All’inizio degli anni Novanta lo incontrai nella sua casa a Tokyo. Ormai anziano ma perfettamente lucido convocò figli e nipoti e come in un rito di espiazione raccontò il suo lavoro in Manciuria. «Prima facevo ricerche sui cadaveri. Poi contagiavo scimmie e topi. Prelevavo il sangue dalle cavie e lo iniettavo ai prigionieri. Quando cominciava la febbre contagiavo un altro prigioniero fino alla conclusione». Per farsi portare una cavia chiedeva pudicamente un maruta – pezzo di legno per indicare un prigioniero.
Altri sottoponevano i corpi a temperature sempre più gelide, o li inserivano in centrifughe sempre più veloci per misurare i limiti di resistenza, oppure iniettavano urina di cavallo. L’apparato di propaganda russo per invadere l’Ucraina ha inventato la formula “operazione militare speciale” ma è in ritardo. L’esercito imperiale di Hirohito nel 1937 per alcune settimane a Nanchino sterminò trecentomila civili, molti uccisi all’arma bianca. Così scrive la lapide deposta in città, così hanno confermato i ricercatori stranieri. Pochi anni dopo, alla resa di Tokyo, quel massacro benché ormai pubblico anche nel Sol levante è stato descritto gelidamente come la “operazione di Nanchino”, e così imparano ancora oggi i ragazzi giapponesi nei libri di scuola. Anche le donne di conforto coreane, reclutate spesso con l’inganno, per soddisfare i soldati nipponici, ancora attendono nette parole di scusa.
L’umiliazione di Togo
La guerra si vendica quando le cambiano nome, e prima o poi arriva una confessione, una testimonianza tardiva. Come è successo con il principe Mikasa, fratello cadetto dell’imperatore, ufficiale a Nanchino al tempo del massacro. Già allora non condivideva le ambizioni del suo paese. E al momento della resa aveva chiaramente condannato l’aggressione alla Cina. Anni dopo raccontò: «Ero stato profondamente turbato quando un ufficiale mi aveva detto che il modo migliore per addestrare i giovani soldati al combattimento con la baionetta consisteva nell’usare i prigionieri come bersagli». Definirà in seguito, dieci anni dopo la morte di suo fratello Hirohito, il sistema imperiale come una prigione senza sbarre e chiederà scusa al presidente cinese Jiang Zemin in visita ufficiale, proprio dentro il palazzo imperiale, per le angherie commesse a Nanchino, «viste con i miei occhi».

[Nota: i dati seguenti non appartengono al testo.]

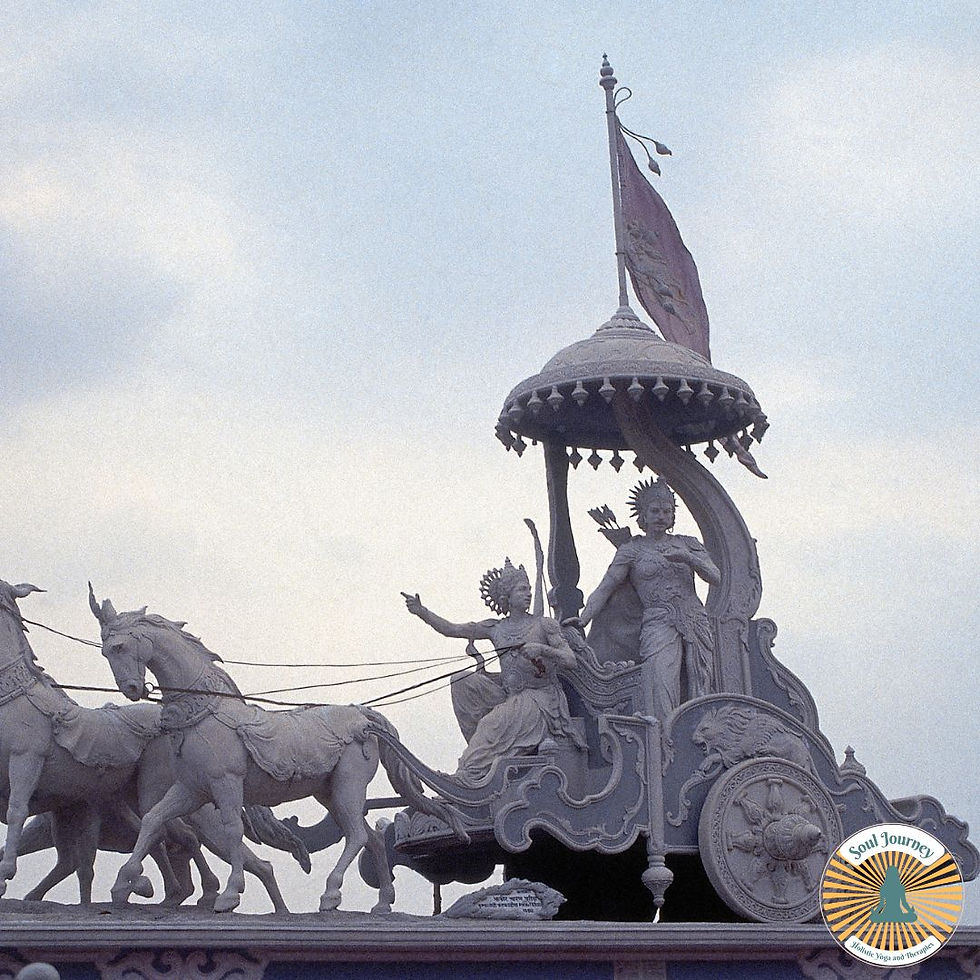 Symbolically, Krishna represents the witness consciousness – the capacity to see clearly without being overtaken by fear, guilt, or attachment. In yogic language, this is buddhi: discernment that arises when we pause long enough to observe rather than react.

Nei richiami alla Guerra fredda Mosca può includere anche le recenti manovre navali di Giappone e America. Qualche anno fa le ambasciate di Tokyo all’ingresso esponevano un manifesto con le sagome di tutta la loro flotta militare. Una introduzione nostalgica a quando le portaerei imperiali erano arrivate con i loro aerei fino a Pearl Harbor. E prima ancora, all’inizio del secolo scorso, quando la flotta russa partita dal Baltico per Vladivostok, all’altro estremo dell’impero zarista, era stata sconfitta e umiliata dopo un viaggio di ventimila miglia dalla flotta dell’ammiraglio Togo nello stretto di Tsushima.
Nasceva il Giappone moderno e si avvicinava la rivoluzione d’ottobre. Ciascuno dei due paesi riscrive la storia a modo suo, tra enfasi e omissioni. Il trattato di pace per ora è rinviato.